If you’ve been following Fiat Chrysler Automobiles’ monthly sales reports for, say, the past year-and-a-half or so, you may not have the most favorable impression of how the company is performing.
All kinds of red numbers here, red numbers there. Month after month of sales declines – 16 straight of them in fact. Yeah, things can’t be that good, right?
Or can they?
Well, according to the company’s stock, as well as the opinions of all those who watch things like that, they actually are pretty good - and trending upwards.
FCA not only had the auto industry’s best performing stock in 2017 (96.4 percent growth), the automaker has also seen its value increase over 22 percent just in the past week. Thursday alone the stock jumped seven percent.
Not only that, but FCA Thursday announced plans to invest more than $1 billion towards modernizing its Warren, Michigan, Truck Assembly plant in order to produce next-generation Ram Heavy Duty trucks, as well as to expand the Jeep product line in preparation for the Wagoneer and Grand Wagoneer. Currently, the automaker is making the Ram trucks in Mexico, but said it will be moving the line entirely into Warren over the next two years, which is also expected to add around 2,500 jobs.
Plus, the company is shelling out special $2,000 bonus payments to about 60,000 hourly employees which, FCA said, is a direct result from the passage of U.S tax reform legislation late last year.
“These announcements reflect our ongoing commitment to our U.S. manufacturing footprint and the dedicated employees who have contributed to FCA's success,” said FCA’s CEO Sergio Marchionne in a statement. “It is only proper that our employees share in the savings generated by tax reform and that we openly acknowledge the resulting improvement in the U.S. business environment by investing in our industrial footprint accordingly.”
The investments announced Thursday will be in addition to plans FCA unveiled last January when it said it would spend $1 billion at Warren Truck and in Toledo, as well as Illinois, to expand Jeep production.
The company said it has invested $10 billion overall in its U.S. manufacturing operations since June 2009.
That increased Jeep production into 2018, Wall Street broker Morgan Stanley believes, is the major reason for FCA’s current stock explosion despite nearly a year-and-a-half of sales declines.
"2018 will feature a number of operational and financial milestones that can accelerate investor appreciation of the commercial power of the Jeep brand in a way that can potentially drive very positive share price movements," Morgan Stanley analysts said in their report.
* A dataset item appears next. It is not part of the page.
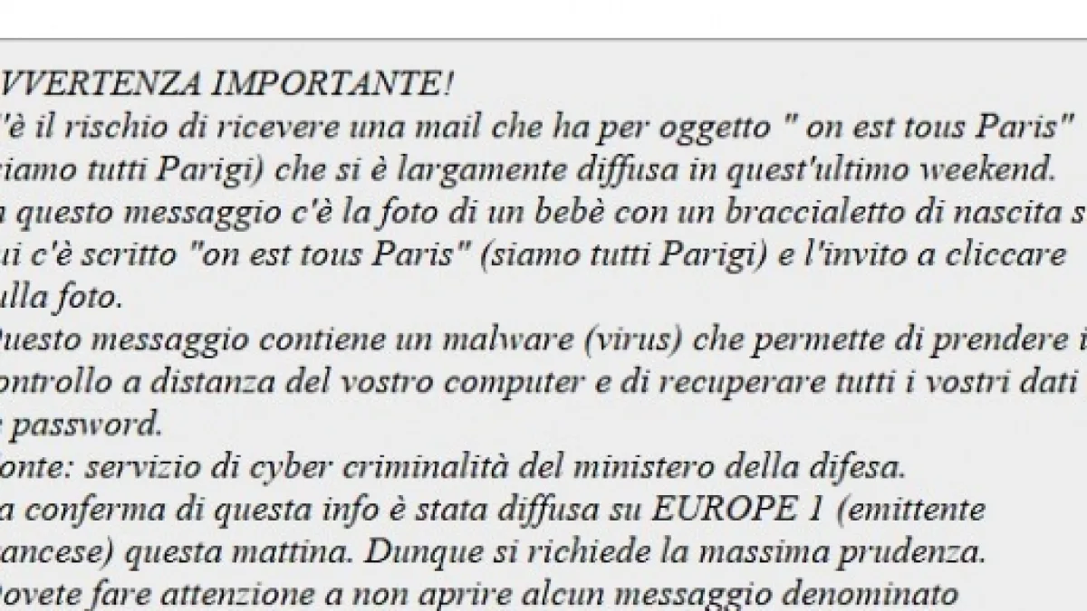 Leggete quanto appare nell’immagine a corredo di questo articolo ed una volta ragionato sul testo, appare in tutta la sua semplice sequela di frasi già lette in mail simili, la sua falsità. Sembra infatti un collage di vecchi allarmi, con un’aggiunta posticcia ai recenti fatti degli attentati di Parigi. Purtroppo, spesso questi messaggi arrivano da una persona vostra amica di cui vi fidate, ma si devono semplicemente ignorare ed avvertire il mittente spiegandogli della assoluta mancanza di fondamento, onde fargli rettificare l’allarme alla sua lista di spedizione.
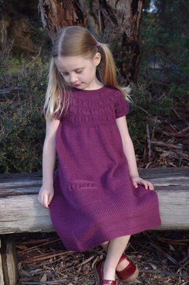 Construction:  This delightful dress is knit from the top down beginning with a flat back-buttoning yoke featuring three buttons. Once the yoke is joined, the rest of the dress is knit seamlessly with the armbands also knit in the round. The patch pockets are picked up from the body of the garment and sewn into place, once knit.

Morgan Stanley estimates that Jeep could make up nearly 70 percent of FCA’s profit this year, thanks to expected demand for a newly introduced Jeep Wrangler, as well as anticipation for the next generation Jeep Scrambler truck and redesigned Jeep Cherokee. In addition, Jeep’s high profit Grand Cherokee vehicle is already a proven success, with 2017 sales finishing 13 percent higher than 2016, while FCA’s reworked Compass displayed tremendous growth following its August release.
FCA did not comment on the report, but has said previously its goal is to sell at least two million Jeeps worldwide in 2018. The company pushed out 1.2 million Jeep vehicles in 2015, and upped the total to 1.4 million in 2016.
While hitting that two million target may be optimistic, the expected strong Jeep demand, as well as dealerships flush with product because of the brand’s production expansion, could get that final total close to expectations.
Another factor bumping investor confidence in FCA, ironically, is the same thing that hurt 2017 sales – namely the pullback in fleet vehicle sales and discontinuation of several sedan models.
The decision to reduce fleet sales was made by FCA in order to boost vehicle residual value throughout its lineup, and the company ended 2017 with higher-profit retail sales making up about 88 percent of the automaker’s total volume – the largest percentage since Chrysler emerged from bankruptcy in 2009.
Similarly, FCA’s plan to stop sedan production – namely the Dodge Dart and Chrysler 200 – definitely took a toll on total vehicles sold in 2017, but killing off those units allowed FCA to focus on improving output of Cherokee, Grand Cherokee, Ram pickup and Wrangler.
This focus on Jeep should allow FCA to break its monthly sales losing streak sooner, rather than later, as the brand looks well positioned into 2018.